During the inundation phase, turloughs resemble and function like shallow lakes, but typically have no or few fish, that promotes persistence of large-bodied plankton and rare invertebrates. Amphibians, however, are common. During the winter, turloughs provide important habitat and feeding areas for wildfowl. Overall, phytoplankton tend to be dominated by cryptophytes, together with small diatoms. Shallow depth and wind-induced mixing results in suspension of algae that are predominantly associated with the vegetation on the turlough floor. Many turloughs are phosphorus-limited, although impact from greater intensification of agriculture is leading to increased phytoplankton populations in many sites. Being part of a karstic limestone catchment results in generally high calcium and carbonate concentrations of between 100 and 250 mg l−1 CaCO3. Some turlough catchments arising on acidic, non-limestone rocks overlain by upland blanket peat can have high concentrations of dissolved organic matter, and colour reaching over 80 mg l−1 PtCo.

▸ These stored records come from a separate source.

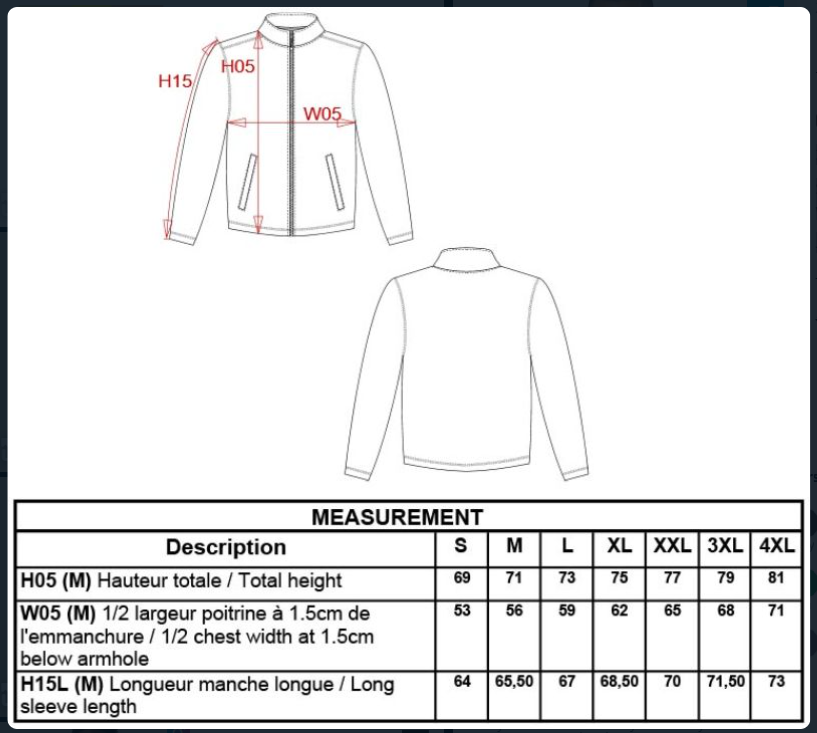 • Sizes: S – M – L – XL – XXL – 3XL – 4XL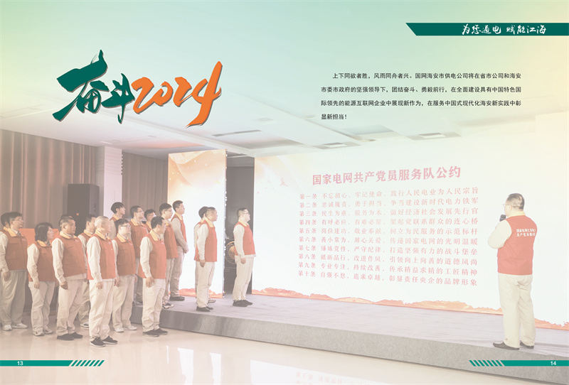 2024年,國網(wǎng)海安市供電公司將在省市公司和海安市委市政府的堅(jiān)強(qiáng)領(lǐng)導(dǎo)下,踔厲奮發(fā)、篤行不怠,扎實(shí)推進(jìn)各項(xiàng)工作任務(wù),在全面建設(shè)具有中國特色國際領(lǐng)先的能源互聯(lián)網(wǎng)企業(yè)中展現(xiàn)新作為,在服務(wù)中國式現(xiàn)代化海安新實(shí)踐中彰顯新?lián)?dāng)!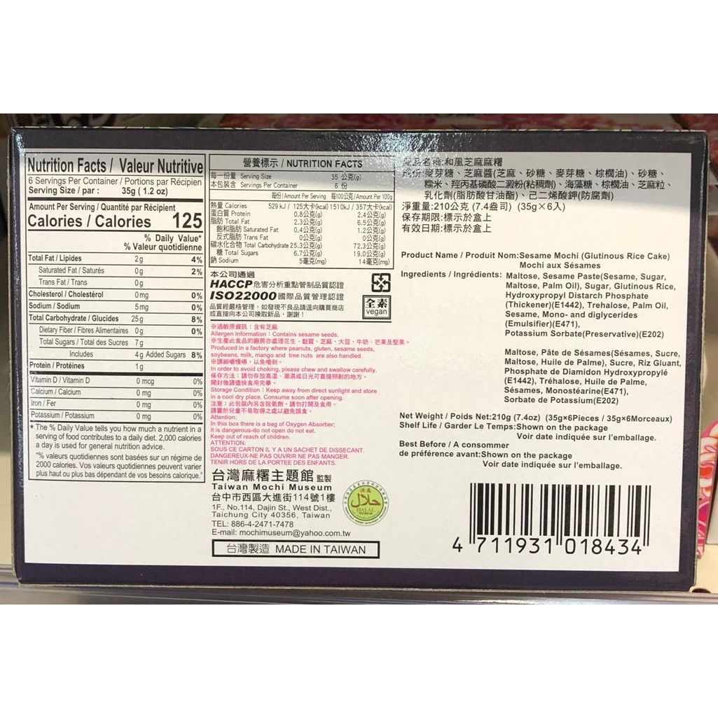 maltose, sugar, glutinous rice, tapioca starch, vegetable oil, sesame paste, sesame flavour, preservative: sorbic acid (E200)).

The duration of flooding results in a characteristic zonation of turlough plant communities, but it is difficult to develop generalised models of vegetation zonation. Areas with long-duration flooding or permanent pools show characteristics of wetland communities, while the less-frequently inundated upper parts of a turlough show a transitions to grassland, scrub and woodland. During the dry phase, turloughs are often used as pastures for low intensity grazing, and are renowned for their diverse semi-wetland plant communities and associated invertebrates. Some turloughs dry out completely during dry summer periods, while others can retain some surface water throughout the year. Oligotrophic turloughs tend to have vegetation dominated by sedges with associated herbs, while those that are subjected to higher nutrient concentrations, particularly phosphorus, tend to be dominated by grasses and herbs.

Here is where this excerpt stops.